THE BALANCED CARROT CAKE (adapted from my American host Mamma Sandy L.’s carrot cake and Sarah B.’s My New Roots’ Best Friends Carrot Cake)
1 cup of sugar (I used raw sugar)
1 banana, mashed
1 1/2 cup of apple sauce or vegetable oil (I used apple sauce)
2 cups of whole wheat pastry flour (or all purpose flour)
2 teaspoons of baking soda
1 teaspoon of sea salt
2 teaspoons of cinnamon
2 teaspoons of vanilla extract
1 small can of pineapple (I used 1/2 of a 20oz can), drained and crushed in the food processor
1 cup of walnuts, chopped
2 cups of grated carrots
1/2 cup of unsweetened grated coconut
large coconut flakes + larger pieces of chopped walnuts to decorate
2 8oz blocks of cream cheese, room temperature (2.5 hours in the counter did it for me)
7-8 tablespoons of maple syrup (or more, to taste)
Preheat oven to 350F. Line 2 9-inch round pans with parchment paper.
Beat the eggs and sugar until fluffy (about 3 minutes). Stir in the banana and apple sauce.
In a separate bowl, whisk together the flour, baking soda, cinnamon and salt.
Slowly combine the dry ingredients with the wet ingredients and stir in the pineapples, carrots, coconut and walnuts.
Pour batter into the lined cake pans and bake for 35-40 minutes or until a toothpick inserted in the center of the cake comes out clean. Let cool on rack and frost.
Frosting & Assembly:
Whip together the cream cheese (at room temperature) with 7-8 tablespoons of maple syrup. Use half of frosting to fill between layers and cover with the other half on top of the cake. Sprinkle with chopped walnuts and coconut flakes to decorate.

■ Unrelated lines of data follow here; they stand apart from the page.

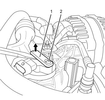 2. Lift up on the bracket (1) and slide off of the intake manifold pin (2).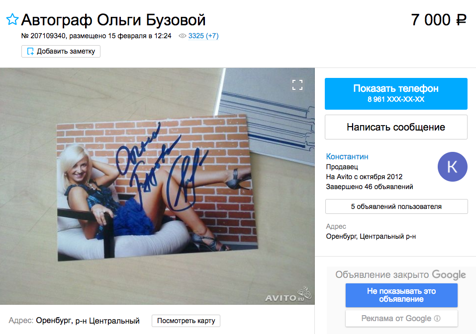 На популярных порталах объявлений недавно массово появились в продаже автографы известной шоу-дивы и певицы Ольги Бузовой.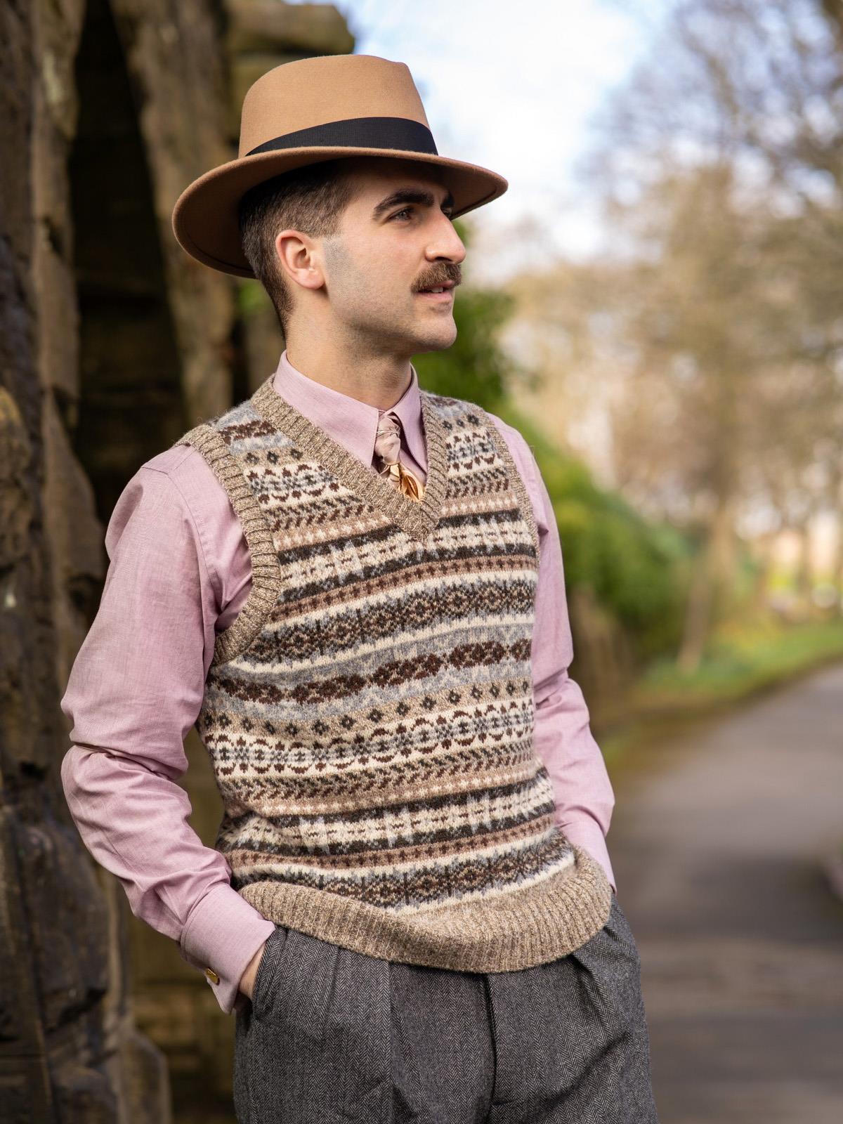 Expertly hand-produced from pure Scottish Shetland wool. High-quality knitwear to give you a classic wartime forties-era look.

To make it more baby-friendly, I chopped the carrots, walnuts and pineapples into small sizes using a food processor, but you could grate the carrots and chop the other two in larger pieces, according to your preference.
I used only 1 banana because I still wanted it to be very much a carrot cake, but you could substitute all sugar for 2 or 3 bananas and it would be more of a banana bread/carrot cake.